» **About this task**: Output only the lines of the entries that follow, starting at the one with "Figure 1. A" and running down to the one with "Congenital defects can result from disruptive", both included and unchanged.

» **Input records**:
-- Opening Marker --

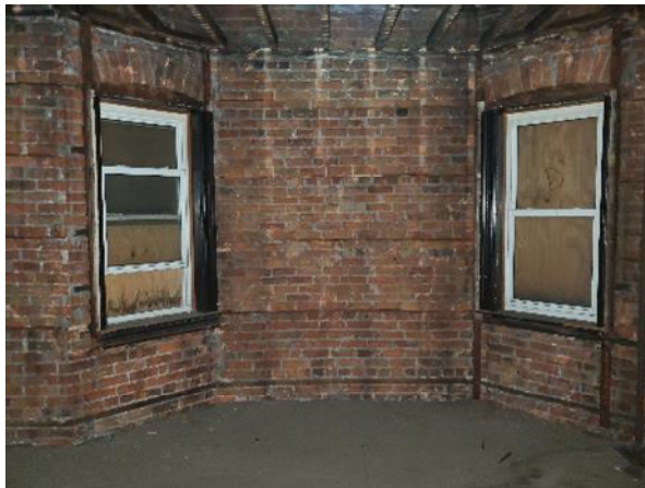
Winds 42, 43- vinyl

-- Closing Marker --
-- Opening Marker --

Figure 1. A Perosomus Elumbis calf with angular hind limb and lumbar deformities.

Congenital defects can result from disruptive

-- Closing Marker --

» **Exercise response**:
Figure 1. A Perosomus Elumbis calf with angular hind limb and lumbar deformities.

Congenital defects can result from disruptive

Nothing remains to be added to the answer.